Although the use of zinc-finger nucleases results in a higher frequency of homologous recombination, considerable efforts and time are required to design zinc-finger proteins that bind a new DNA target sequence at high efficiency and that act as sequence specific nuclease. In addition, it has been long ignored that the nature of the nuclease domain of zinc-finger and other chimaeric nucleases may represent an equally important success factor for the overall activity of the fusion protein. The reason for this neglection is based on the fact that up to date only a single nuclease domain has been found that retains nuclease activity within a separate protein folding domain and that can be combined with DNA binding domains, in order to generate a sequence specific nuclease fusion proteins. This nuclease domain is derived from the type IIS FokI restriction enzyme that has been characterised in detail and is known to act as an obligate dimer (Bitinaite, J., D. A. Wah, et al. (1998). Proc Natl Acad Sci USA 95(18): 10570-5; Wah, D. A., J. Bitinaite, et al. (1998). Proc Natl Acad Sci USA 95(18): 10564-9). In most other restriction enzymes DNA recognition and cleavage are combined into a single protein domain and cannot be separated. An exception is the SdaI enzyme that has been structurally characterised to posses a separate nuclease domain (Tamulaitiene, G., A. Jakubauskas, et al. (2006). Structure 14(9): 1389-400). In addition, it has not been possible to isolate mutants that loose DNA recognition but retain DNA cleavage activity.

Therefore, due to the lack other comparable functional nuclease domains, it was for a long time essentially unknown whether the enzymatic properties of the FokI Fn domain may constitute a limiting factor for the nuclease activity of Fn domain fusion proteins. For example, the intrinsic structure of the Fn domain may restrict its enzymatic processivity or the small dimerisation interface of two Fn domains may lead to a suboptimal interaction and a low cleavage rate of the DNA substrate.

By site-directed mutagenesis the FokI Fn domain has been engineered into the KK and EL variants that preferentially act as heterodimers (Miller, J. C., M. C. Holmes, et al. (2007). Nat Biotechnol 25(7): 778-85). The use of these variants provides the improved target sequence specificity of zinc-finger nucleases and reduces toxicity in mammalian cells since less genomic off-target sequences are recognised and processed. However, the overall nuclease activity of the KK and EL variants is at most comparable to that of the Fn wildtype domain.
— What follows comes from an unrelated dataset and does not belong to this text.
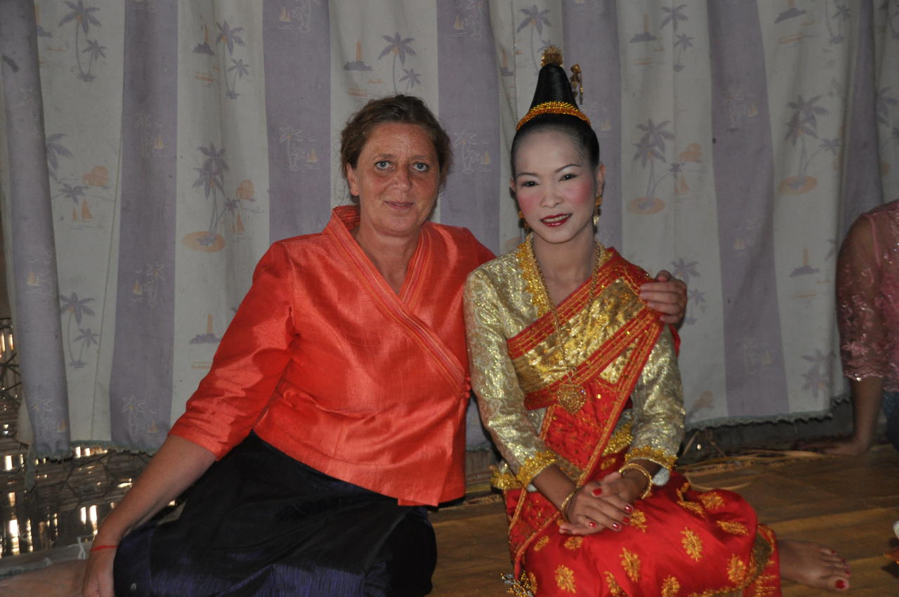 Am nächsten Tag fuhren wir mit dem Moped zur Hochzeit. Ich setzte mich wie im Damensattel seitlich, stellte einen Fuß auf den Fußraster und den anderen Fuß legte ich darüber, hört sich kompliziert und schwierig an, dachte ich auch, aber das ging sehr gut und ich fühlte mich sicher. Thai ist auch ein vorsichtiger Fahrer. Als wir nach ca. 3 km am Ziel ankommen bin ich erst einmal über die Armut schockiert. Auf einem Gelände auf dem ausgediente Schrott-LKW's stehen sind Planen auf Stangen gespannt, darunter stehen Plastikstühle und Klapptische, die mit einer Art (durchsichtg) Plastikfolie bespannt sind. Auf den Tischen (immer mehrere zusammengestellt) befindet sich in Cellophan eingepackte Plastikteller mit essen darauf. Eingepackt sind eine Art Laab (zu Krümel verkleinertes Fleisch mit Kräutern und Glasnudeln und Gewürzen angereichert), Beefsuppe, Teller mit Fleischstücken (wahrscheinlich ebenfalls Beef), Außerdem hatte jeder auf seinem Platz ein Päckchen Sticky Rice und einen Löffel sowie ein paar Essstäbchen liegen. 1 Flasche Wasser pro Tisch, und eine Flasche Lao Lao (Reisschnaps) für zwei Tische, abgefüllt in kleinen Wasserflaschen mit einem Schnapsgläschen oben drauf. Thai hatte mich schon gewarnt, dass Lao Lao sehr stark wäre und sicher viele mit mir trinken wollten, ich aber nicht nein sagen darf. Er meinte ich solle nippen und dann den rest in einer schnellen bewegung auf den Boden schütten. Außerdem erzählte er, dass es normalerweise Beer Lao gäbe, aber die Familien zu arm sind und damit ein Trinkgefühl entsteht sie den Gästen Lao Lao-Schnaps anbieten. Auf dem Gelände steht eine kleine Baracke, in der die Zeremonie stattfinden soll und die Braut auch schon im inneren sitzt und auf den Bräutigam wartet. Es ist brütend heiß einen Ventilator sucht man vergeblich. Die Baracke besteht aus einem Raum, der Boden ist aus Holz und liegt etwa einen halben Meter über der Erde. Er ist mit Plastik ausgelegt und die Wände sind mit Papierausschnitten und Plastikstücken verkleidet, eben was man so findet. Auf dem Boden stehen stehen zwei große Blumengestecke (sonst gibt es nichts), rundherum liegen Früchte, auf einem extra Teller liegt essen (Hühnchenbeinchen, Reis, Eier und anderes was ich nicht zuordnen kann. Die Braut sieht aus wie eine Plastikpuppe, sie ist imGesicht weiß geschminkt. Die Braut bittet mich neben sich, ich bin der Ehrengast und im Moment sitzen außer Thai und mir noch 5 weitere Männer und eine Frau im Raum. Ich frage ob ich Bilder machen kann und die Braut nickt ganz sacht, damit ihr Hochsteckturm auf dem Kopf nicht herunter fällt. Ich mache einige Bilder und einige sind glücklich darüber und andere wiederum schauen ganz schüchtern drein. Thai meint, ich wäre wahrscheinlich die einzige auf dem Fest die Bilder macht. Plötzlich rufen alle irgendetwas von draußen herein. Der Bräutigam kommt und mit ihm seine Verwandtschaft und Freunde. Sie kommen mit Tuk Tuks gefahren. Am Eingang werden sie empfangen und sofort fängt ein unglaubliches Geschiebe und Gedränge an, Sie versuchen den Besuch wieder hinaus zu drängen. Ich schaue etwas verdutzt, aber Thai sagt, das wäre so eine Art Spiel, das sie machen, sie wollen den Bräutigam nicht herein lassen. Doch die Gäste geben dem Gedränge nicht mehr nach und schaffen es letztendlich zumindest auf das Gelände zu kommen. Der Bräutigam trägt ein großes Gesteck in der Hand, das wohl das Brautgeschenk sein soll. Nun gehen sie in Richtung Baracke, dort wird plötzlich die Tür zugeknallt und von innen festgehalten (wohl von den Männern, die vorher drin saßen). Doch auch das hält nicht lange und der Bräutigam wird mit Schwung ins Haus geschoben. Nun ist der Raum bis zum Anschlag gefüllt mit Leuten, auch wir drängen uns hinein um die Zeremonie zu verfolgen. Zuerst spricht der Vater Wünsche und Hoffnungen aus, dann sind einige andere ältere Männer am reden. Als das vorüber ist, müssen sie sich gegenseitig mit dem Essen füttern, was vor ihnen liegt. Dann rücken plötzlich alle ganz nahe an die Brautleute heran und berühren sich, halten die Köpfe gesenkt und murmeln etwas. Nach einer Weile steht ein mann auf, nimmt aus den Gestecken am Boden lange Stäbe an denen Wollbändchen hängen und verteilt sie unter den Gästen im Raum. Auch wir bekommen welche. Nun binden die Leute an vier Bändchen jeweils zu gleichen Teilen Geld. Zwei Bändchen werden danach der Braut und der Bräutigam an die Arme gebunden und dabei spricht man Wünsche aus. Die Brautleute sitzen Rücken an Rücken, immer ein Arm wird nach unten gestreckt, der andere Arm wird mit gestreckter Hand vor die Brust geführt. Dann wird gewechselt. Nach der Zeremonie suchen Thai und ich uns einen gute Platz im Schatten unter einer Plane, mit Sicht auf die Tanzfläche. Dann kommen irgendwann die Brautleute heraus. Am Eingang zum Gelände sind nun in langen reihen Stühle ausgestellt auf denen die engsten Familienangehörige die Brautleute sich setzen und warten. So ca. eine Stunde in praller Sonne. Na freiwillig wurde ich da nicht heiraten wollen, wenn ich in der prallen Sonne sitzen muesste. Wir setzen uns an einen Tisch und im Nu ist er voller Männer . Wir packen das Essen aus und los geht es. Ständig schenkt mir jemand einen Lao Lao ein, das ist ein Reissschnaps der ziemlich hochprozentig ist und in der Hitze kein Spass ist zu trinken. Thai, mein Begleiter sieht schnell das Problem und meint, ich müsste trinken, bzw. ich sollte nur andeuten als wenn ich trinke und ihn dann in einer Schwenkbewegung auf den Boden kippen, das würden viele machen. OK, das kann ich auch. Es war ein guter Tipp, denn den ganzen Tag musste ich (zumindest so machen als ob) trinken. Auch zeigten sich die Lao als Tanzfreudiges Volk und so musste ich einen Tanz nach dem anderen mit ihnen machen. Den Lao-Tanz lernt man leicht, die Schritte sind ganz einfach (Eins Zwei Wechselschritt). Zu zweit, ohne sich zu berühren, tanzt man um einen sogenannten T

Only very recently it has been found that the wildtype FokI Fn domain indeed exhibits only a suboptimal enzymatic nuclease activity that limits the use of zinc-finger nucleases for genome engineering. In a study of directed protein evolution the Fn domain has been randomly mutagenised and subjected to anbased nuclease assay able to select mutants that exhibit increased enzymatic activity (Guo, J., T. Gaj, et al. (2010), J Mol Biol 400(1): 96-107). By this procedure it has been possible to isolate mutants that exhibit >10-fold higher nuclease activity as compared to the wildtype Fn domain. Upon coupling of these mutants to zinc-finger domains such fusion proteins showed a three to sixfold improved substrate processing in mammalian cells. However, it remains unknown at present whether the activity of the Fn domain can be further enhanced or whether the intrinsic protein architecture of the Fn domain may restrict any further improvements.

Besides zinc-finger DNA-binding domains fused to nuclease domains, very recently also TAL effector protein DNA-binding domains have been identified. As compared to zinc-finger motifs, TAL repeat elements within TAL effector proteins provide a new type of DNA binding domain that may be combined with a nuclease domain into sequence specific nucleases. A key feature of the TAL peptide elements is provided by their modulatory nature. Thereby, new sequence specific DNA-binding proteins can be generated through the combination of just four basic TAL elements that are each specific for the A, C, G or T nucleotide. Currently, only the nuclease domain of FokI is successfully used in fusion with TAL effector protein DNA-binding domains (Miller et al. (2010). Nat. Biotechnol. 29, 143-148).

In summary, there is an ongoing need for nucleases that can be used in various experimental settings including their fusion to other proteins and modification of the nuclease domain.

The technical problem underlying the present invention was to identify alternative and/or improved means and methods for cleaving nucleic acid molecules.

The solution to this technical problem is achieved by providing the embodiments characterized in the claims.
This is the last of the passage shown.